CHARLOTTE Dec 17 The U.S. Federal Reserve's
latest steps to goose an anemic recovery are unlikely to do much
to bring down unemployment and carry a "material" risk of
sparking inflation, one of the U.S. central bank's most hawkish
policymakers said on Monday.
Last week the Fed said it would buy $45 billion in
longer-term Treasuries each month, on top of its monthly
purchases of $40 billion in mortgage-backed securities, until it
sees a substantial improvement in the outlook for the U.S. labor
Although inflation has averaged near the Fed's 2 percent
goal over the last 20 years, and should stay a little below that
next year, Richmond Fed President Jeffrey Lacker said he worried
the latest Fed actions could endanger that record.
"I see material upside risks to inflation in 2014 and
beyond, given the current trajectory for monetary policy,"
Lacker said in remarks prepared for delivery to the Charlotte
Chamber of Commerce Annual Economic Outlook Conference. "The
effects on longer-term interest rates are uncertain and likely
quite small, and the potential to boost job creation seems quite
limited, given the fundamental impediments that appear to be
restraining growth now."
The U.S. economy will likely grow about 2 percent next year
and will "begin to firm" the following year, Lacker said.
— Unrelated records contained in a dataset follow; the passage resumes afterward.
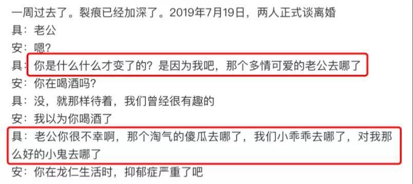 最重要的是她还爱着这个男人呀,她不想离婚呀。也不甘心就这样没有任何缘由被老公抛弃呀。然后就有了无数不理智的行为,也曝光也他们无数的聊天记录,开始了互相折磨互相诋毁的日子。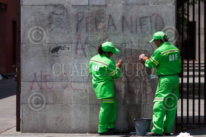 MÉXICO, D.F., 01AGOSTO2012.- Trabajadores del Gobierno del DF despintan una barda de un edificio en avenida Juárez, en los próximos días se espera se inauguren las obras de remodelación de esta vialidad. FOTO: MOISÉS PABLO /CUARTOSCURO.COM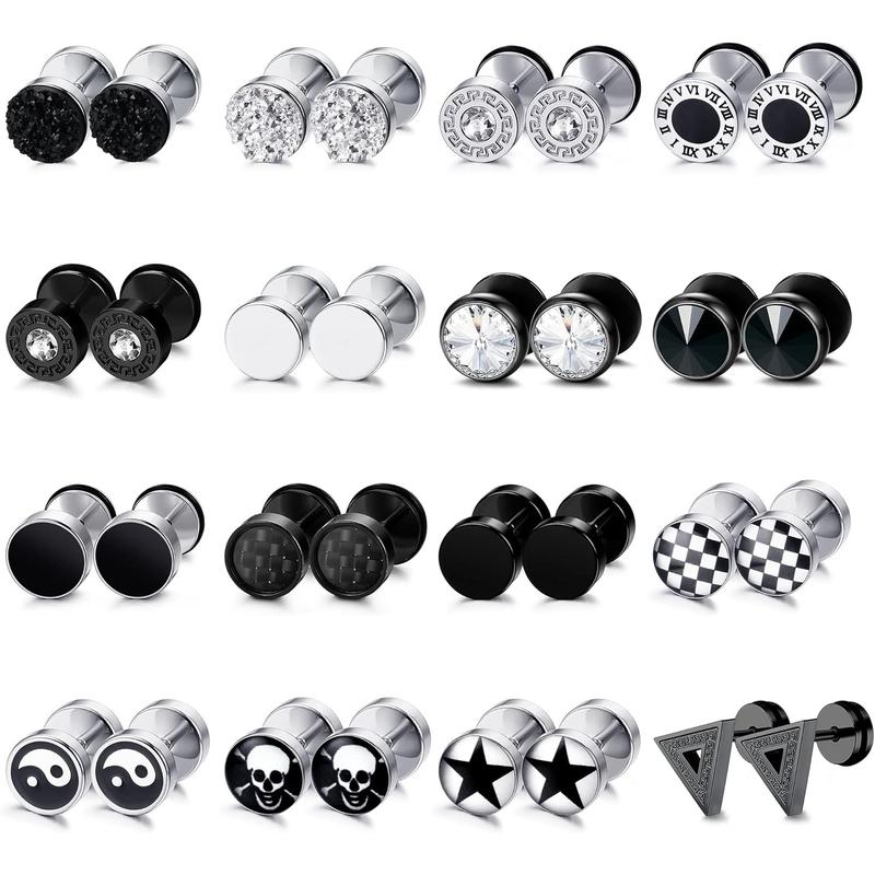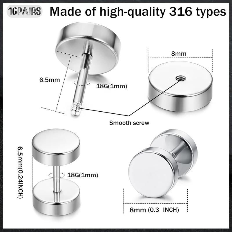 Get 16 pairs of fake gauge earrings in various styles, including black and silver. These multiple styles offer a change of pace from day to day. Perfect for any occasion, they ensure you stay stylish and classic. Ideal for men and women, these earrings are versatile and timeless.

A
sudden rise in energy prices or an unexpected downturn in a
major U.S. trading partner could knock that pace down, he said.
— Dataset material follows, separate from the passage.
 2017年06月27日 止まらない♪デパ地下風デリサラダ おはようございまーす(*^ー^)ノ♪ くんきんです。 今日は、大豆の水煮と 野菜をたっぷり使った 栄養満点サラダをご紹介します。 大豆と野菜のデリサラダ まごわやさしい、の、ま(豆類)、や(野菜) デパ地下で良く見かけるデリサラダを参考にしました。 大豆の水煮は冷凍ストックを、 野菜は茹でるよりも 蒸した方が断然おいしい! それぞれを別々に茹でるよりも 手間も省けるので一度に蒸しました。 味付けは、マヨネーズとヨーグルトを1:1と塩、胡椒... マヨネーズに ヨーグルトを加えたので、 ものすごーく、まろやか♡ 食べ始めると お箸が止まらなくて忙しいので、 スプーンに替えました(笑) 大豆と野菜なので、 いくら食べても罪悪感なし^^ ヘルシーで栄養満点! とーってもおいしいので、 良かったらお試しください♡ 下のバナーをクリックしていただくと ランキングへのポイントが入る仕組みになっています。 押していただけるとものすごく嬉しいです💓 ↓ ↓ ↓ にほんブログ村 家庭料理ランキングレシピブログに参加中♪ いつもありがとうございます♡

On the other hand, if U.S. lawmakers make convincing
progress toward fiscal sustainability, a stronger-than expected
resurgence is "not inconceivable," he added, as relief releases
a "rush of pent-up spending."
In any event, Lacker said, monetary policy alone can do
little to improve economic growth or bring down unemployment,
currently at 7.7 percent.
"Our primary responsibility at the Federal Reserve is to
keep inflation low and stable," he said. "We do not really know
whether monetary policy can make a sustainable difference in
labor market outcomes, and we may be attempting to achieve more
rapid improvement than is feasible," he said.
Last week, in a bid to reassure markets it will leave
easy monetary policy in place until the recovery is much farther
along, the Fed vowed to keep interest rates low until
unemployment falls to at least 6.5 percent, as long as inflation
does not threaten to rise above 2.5 percent.
It was the first time the Fed had picked a specific marker
for unemployment to guide policy.
Lacker, who dissented at every Fed policy meeting this year,
repeated his opposition to that move, saying that setting a
threshold for unemployment is "inconsistent" with a balanced
approached to the Fed's duties.
"We need to be careful that in our zeal to promise future
stimulus, we do not constrain ourselves in ways that endanger
the price stability on which we've come to depend," he said.